Monsieur Colbert qui estoit de l'Académie, & qui desiroit fort de voir le Dictionnaire achevé, estant persuadé comme l'ont esté les plus sages Politiques, que ce qui sert à former l'Eloquence contribuë beaucoup à la gloire d'une Nation; Peu de temps aprés qu'il eut esté receu dans cette Compagnie, il y vint sans qu'on l'y attendist, pour estre tesmoin de la maniere dont on travailloit. Il y arrive lors qu'on revoyoit le mot, AMY, & comme il falloit avant toutes choses regler la définition de ce mot, il vit combien il s'esleva de difficultez avant que d'en convenir. On demanda si le mot d'AMY supposoit une Amitié reciproque; c'est-à-dire, si un homme pouvoit estre appellé l'AMY d'un autre qui n'auroit pas les mesmes sentimens pour luy. Cette question qui est plus de Morale que de Grammaire, & que neanmoins on doit resoudre avant que de definir le mot, occupa l'Académie assez long-temps. Il fallut que chacun dist son avis; & enfin la définition de ce mot fut arrestée comme elle est presentement imprimée dans le Dictionnaire. On y adjousta les Epithetes qui se joignent naturellement à ce mot, & ensuite on examina les Phrases & les Proverbes où il s'employe. Monsieur Colbert qui assista à toute la seance, & qui avoit veu l'Attention & l'Exactitude que l'Académie apportoit à la composition de ce Dictionnaire, dit en se levant, qu'il estoit convaincu, qu'elle ne l'avoit pas pu faire plus promptement, & son tesmoignage doit estre d'autant plus consideré, qu'on sçait que jamais homme dans sa place, n'a esté plus laborieux ny plus diligent.
Cependant quelque soin que l'Académie ait apporté à ce travail, il est bien difficile qu'il ne luy soit eschappé quelques fautes; Mais comme elle ne s'en est chargée que dans la pensée de contribuër à la Perfection de la Langue, elle recevra avec plaisir tous les avis qu'on voudra bien luy donner, & s'en servira dans les Editions suivantes de ce Dictionnaire, afin de le rendre plus utile & de respondre plus dignement à l'attente du Public.

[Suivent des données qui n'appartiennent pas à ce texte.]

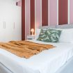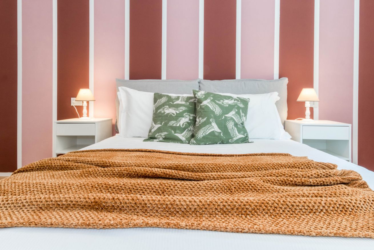 La camera matrimoniale, ampia e ben proporzionata, è impreziosita da una parete decorativa di carattere e da un ampio armadio a muro che garantisce ordine e praticità, mentre i tessili e i dettagli d’arredo creano un ambiente intimo e rilassante. Il bagno, moderno e funzionale, è dotato di una spaziosa doccia e finiture contemporanee che assicurano comfort quotidiano.

L'Académie n'ayant pas jugé à propos de donner place dans son Dictionnaire aux termes particulierement attachez aux Sciences &aux Arts pour les raisons qui ont esté dites, quelques Académiciens ont creu qu'ils feroient un ouvrage utile & agreable d'en composer un Dictionnaire à part: Et comme ils l'ont fait avec beaucoup de soin, il y a lieu de croire que le Public sera content de leur travail.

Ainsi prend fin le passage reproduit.